Posted on 12 Agustus 2009 by Blog Kesuksesan Hidup

Blog Kesuksesan Hidup | Definisi Efektivitas: Kisah Sang Angsa Dan Telur EmasSeperti artikel sebelumnya, artikel kali ini yang berjudul Definisi Efektivitas: Kisah Sang Angsa Dan Telur Emas juga saya tulis berdasarkan sebuah buku hebat yaitu The Seven Habits Of Highly Effective People.

Sebelum saya melanjutkan, saya berharap semoga artikel ini menjumpai sahabat blogger dan pembaca setia artikel-artikel Blog Kesuksesan Hidup, dalam keadaan sehat dan tetap semangat dalam mengayun langkah melewati setapak demi setapak perjalanan, dalam meraih kesuksesan hidup yang selama ini dicitacitakan.

Pada saat melihat judul artikel ini, mungkin sahabat semua bertanya, apa hubungannya Definisi Efektivitas dengan Kisah Sang Angsa Dan Telur Emas? Judul ini memang saya pilih berdasarkan kesimpulan saya setelah membaca buku The Seven Habits Of Highly Effective People mengenai Definisi Efektivitas, dimana dalam buku tersebut, kisah ini diangkat untuk mempermudah para pembaca dalam mengerti sebuah prinsip -- Definisi Dasar Efektivitas.

Berikut ini Kisah Sang Angsa Dan Telur Emas:



Fabel ini berkisah tentang seorang petani miskin yang pada suatu hari menemukan sebutir telur emas yang berkilau disarang angsa peliharaannya. Pada mulanya ia berpikir ini pasti semacam tipuan. Tetapi, ketika ia akan membuangnya, ia berpikir-pikir lagi dan membawanya pulang untuk memeriksanya. Telur itu ternyata emas murni! Si petani tidak dapat percaya akan keberuntungannya. Ia semakin menjadi tidak percaya ketika pada hari berikutnya pengalaman tersebut berulang kembali. Hari demi hari, ia bangun dan bergegas menuju sarang dan menemukan satu lagi telur emas. Ia menjadi sangat kaya. semua ini kelihatannya seperti sesuatu yang mustahil menjadi kenyataan.

Namun sewaktu ia bertambah kaya timbul pula sifat tamak dan tidak sabar. Tidak sabar menunggu hari demi hari untuk mendapatkan telur emas tersebut, akhirnya si petani memutuskan untuk membunuh sang angsa dan meraup semua telur emas itu sekaligus. Tetapi, ketika ia membuka perut angsa tersebut, ternyata kosong. Tidak ada telur emas, dan sekarang tidak ada cara untuk mendapatkan telur emas lagi.
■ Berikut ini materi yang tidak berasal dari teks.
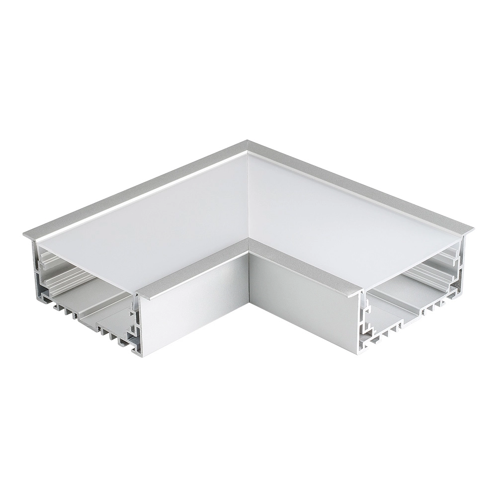 Прямой угол в сборе для соединения 2-х профилей S2-LINIA94-F под прямым углом 90°. Экран образует линию на плоскости. В комплекте матовый экран, соединители. Длина внешней стороны угла 150мм.
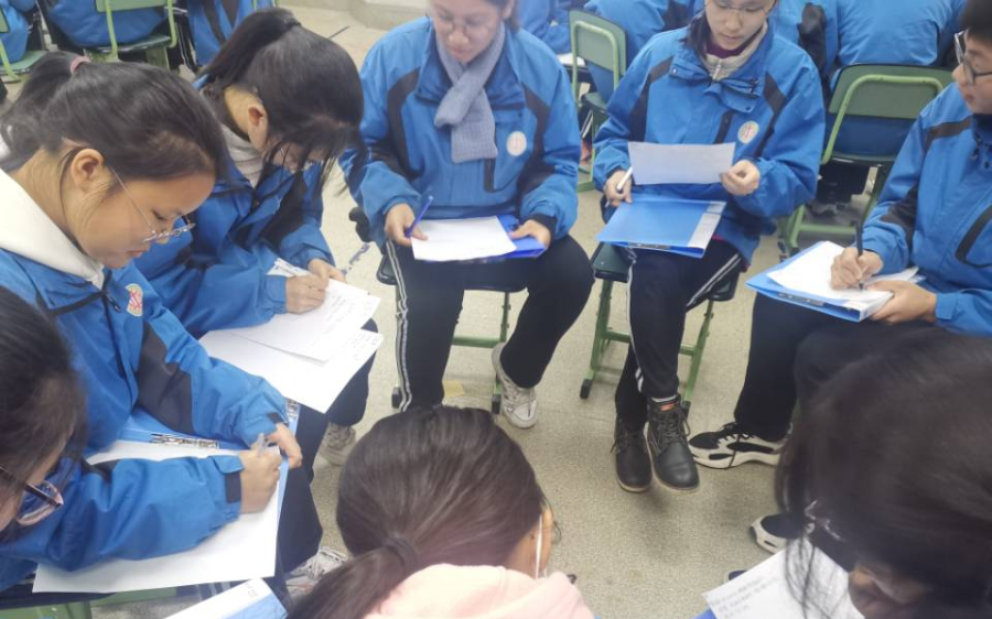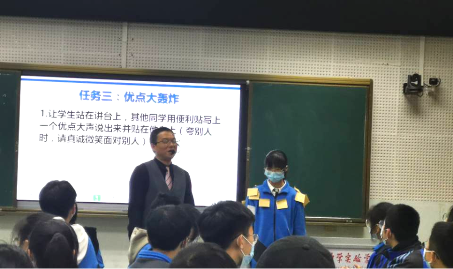 第14周周五,八年级谢娟老师主题班会课献课《你、我、他》。谢老师从两周前的语文能力竞赛的作文题为切入点。引入“认识你自己”这一话题,然后组织小组游戏“自我夸夸,我挺好”。先让学生把自己的优点尽可能多的写在纸上,然后再把这个纸,传给同学,以“我欣赏你——”的格式,同学互赞。如此一圈后,直到纸张最后再传到学生自己的手中。教师利用这张单子上的学生自评和互评结果,引导学生认识:1.正确看待差异;2.不能孤芳自赏、得意忘形、自以为是;3.有勇气正视自己的绊脚石,努力克服它。

Si petani telah menghancurkan angsa yang menghasilkan telur-telur emas tersebut.



Dalam fabel di atas terlihat suatu hukum alam, suatu prinsip -- Definisi Dasar dari Efektivitas. Banyak orang melihat efektifitas pada paradigma telur emas, dimana semakin banyak kita menghasilkan, semakin banyak kita bekerja, semakin efektif kita jadinya.

Namun fabel di atas memperlihatkan bahwa efektivitas yang sebenarnya adalah suatu fungsi dari dua hal: apa yang dihasilkan atau diproduksi (telur emas) dan aset yang menghasilkan atau kapasitas produksi (angsa).

Jika kita menggunakan pola kehidupan yang berfokus pada telur emas dan mengabaikan angsanya, kita segera akan kehilangan aset yang menghasilkan telur emas. Sebaliknya, jika kita hanya mengurus angsanya tanpa memperhatikan telur emasnya, kita tidak akan memiliki persediaan yang diperlukan untuk menunjang kehidupan kita.

Efektivitas terletak dalam keseimbangan -- apa yang disebut Keseimbangan P/KP. Dimana P = Produksi hasil yang diinginkan, yaitu telur emas, dan KP = Kemampuan Produksi, kemampuan atau aset untuk menghasilkan telur emas.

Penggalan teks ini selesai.